Romney on the air in Spanish

Leading Republican Presidential candidate Mitt Romney is up on the air, with the first Spanish language radio ads of the '08 cycle.  But here's a few things you won't hear in his ads.  First, Mitt Romney wants to amend the constitution to make English the national language: "English needs to be the language that is spoken in America. We cannot be a bilingual nation like Canada."  And Romney opposes comprehensive immigration reform that would bring millions out of the shadows and provide a path to citizenship for hard-working, tax-paying immigrants who play by the rules and want a better future for their families.  At this month's Conservative Politcal Action Conference Romney said: "McCain-Kennedy [Comprehensive Immigration Reform] isn't the answer. As governor, I took a very different approach. I authorized our state police to enforce immigration laws. I vetoed a tuition break for illegals and said no to driver's licenses. McCain-Kennedy gives benefits to illegals that would cost taxpayers millions. And more importantly, amnesty didn't work 20 years ago, and it won't work today."  This kind of anti-immigrant, anti-Hispanic rhetoric is bad policy.  It did not help Republicans win elections in 2006 and it won't help them in 2008. 

Has McCain weakened his position on immigration?

Last night during the Republican presidential debate, Senator John McCain drew a clear distinction between his views on immigration and those of Rep. Tom Tancredo. From the debate:

REP. TANCREDO: Well, of course, if I thought there should be another one, I wouldn’t be here. I think that I serve the purpose. I think that we -- good men all here, don’t get me wrong. But I am telling you this; that there are issues that I believe have not been addressed tonight, not in full, and I believe that they do separate us, and I certainly believe the issue of immigration and immigration reform and what’s going to happen to this country unless we deal with this forthrightly.

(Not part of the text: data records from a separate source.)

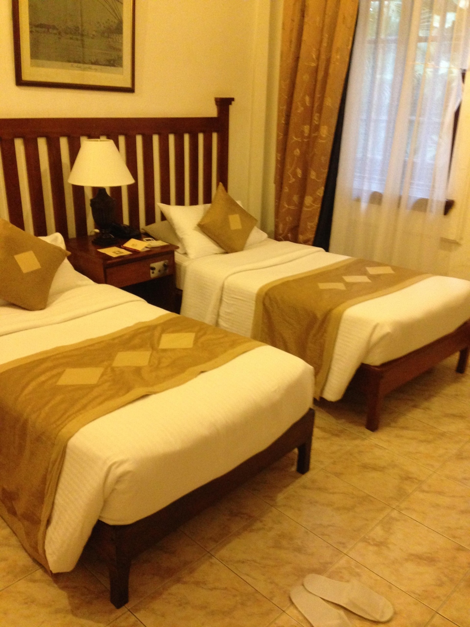 ツアーで泊まりました。ホテル自体は建物が古めですが、室内は掃除も行き届いていましたし、水も1部屋に2本、ありました。シャワーも可動式でしたし、歯磨き以外のアメニティは揃っていました。スリッパはありませんが、ドライヤー・ポットがありました。夕食はバイキング。私は食べませんでしたが焼き立てのナンが食べれたようです。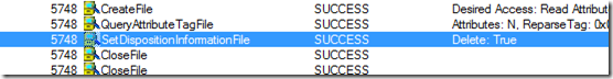 Feeling confused, I then started looking for anything that could appear relevant, until one entry in particular caught my eye: a call to SetDispositionInformationFile with a flag Delete: True.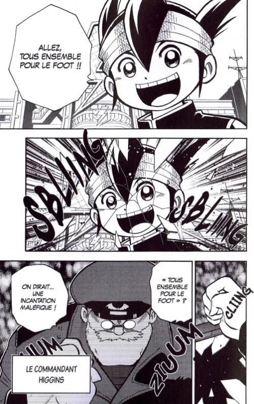 Deuxième série de l’éditeur à concourir cette année pour le prix du plus long titre, Inazuma Eleven X-tra – Le film : Tous unis contre l’équipe ultime Ogre ! n’est pas un anime comics du film éponyme comme son nom le laisse a priori croire. Non, il s’agit ici d’un recueil d’histoires de tailles variées (allant de quelques pages à un tiers du volume) qui se déroulent pendant ou autour du scénario du long-métrage. Pour commencer, la nouvelle la plus longue est l’affrontement des Inazuma Eleven contre l’équipe Ogre venue du futur afin d’anéantir la passion du football qui a d’après eux conduit leur nation sur la pente de la décadence, à l’instar du scénario de la version animée. Si les fans seront heureux de voir cette adaptation papier, il n’en reste pas moins qu’on quitte finalement l’affrontement au moment d’un gros rebondissement et que l’histoire n’est pas conclue ! Cela en amènera certes certains à se procurer le film, et ceux qui l’ont déjà vu savent déjà ce qu’il se passe après, mais la démarche reste néanmoins déconcertante dans un cas comme dans l’autre... Après cela, trois histoires plus courtes nous parlent tour à tour de l’arrivée de l’arrière-petit-fils de Mark Evans à notre époque où il réunit de puissants coéquipiers pour venir en aide à son aïeul contre l’équipe venue du futur, de l’entraînement d’Axel Blaze à Okinawa entre deux tournois et de son coaching d’un jeune joueur, et enfin d’un affrontement entre Axel Blaze et Mark Evans au meilleur de leur forme. Comme d’habitude, l’humour et la fougue du récit nous emportent sans mal et, de ce point de vue-là, les amateurs ne seront pas déçus. Avec en plus deux petites erreurs dans les pages couleurs de l’intro (une lettre manquante et surtout le fait qu’on nous parle de « bouquet final » pour l’histoire qui se déroule... au début !), c’est donc un volume en demi-teinte qu’il nous est donné de lire ici, avant même que l’on ne parle de la teneur des scénarios en eux-mêmes qui se montrent ultra-simplistes. A réserver aux plus accros à la série, donc.

No more platitudes. No more obfuscating with using words like, "Well, I am not for amnesty but I’m for letting them stay." That kind of stuff has got to be taken away from the political debate, as far as I’m concerned, so people can understand exactly who is where on this incredibly important issue.

And when they see that, I think, frankly, I’m --

MR. MATTHEWS: Okay, time.

Anyone have a follow-up with that? Anyone with disagree with the strong anti-illegal immigration position? Take a strong view? Senator McCain.

SEN. MCCAIN: Well, I’m happy to say that we’ve been working very hard for a couple of months with Democrats and Republicans, led by the president and his Cabinet, to come up with a comprehensive solution and resolution of this terrible problem.

One thing we would all agree on: the status quo is not acceptable. We have to secure our borders, but we also need a temporary worker program, and we have to dispose of the issue of 12 million people who are in this country illegally.

This issue is a(n) important and compelling one, and it begins with national security. But we also need to address it comprehensively, and I’m proud to work with the president of the United States on this issue.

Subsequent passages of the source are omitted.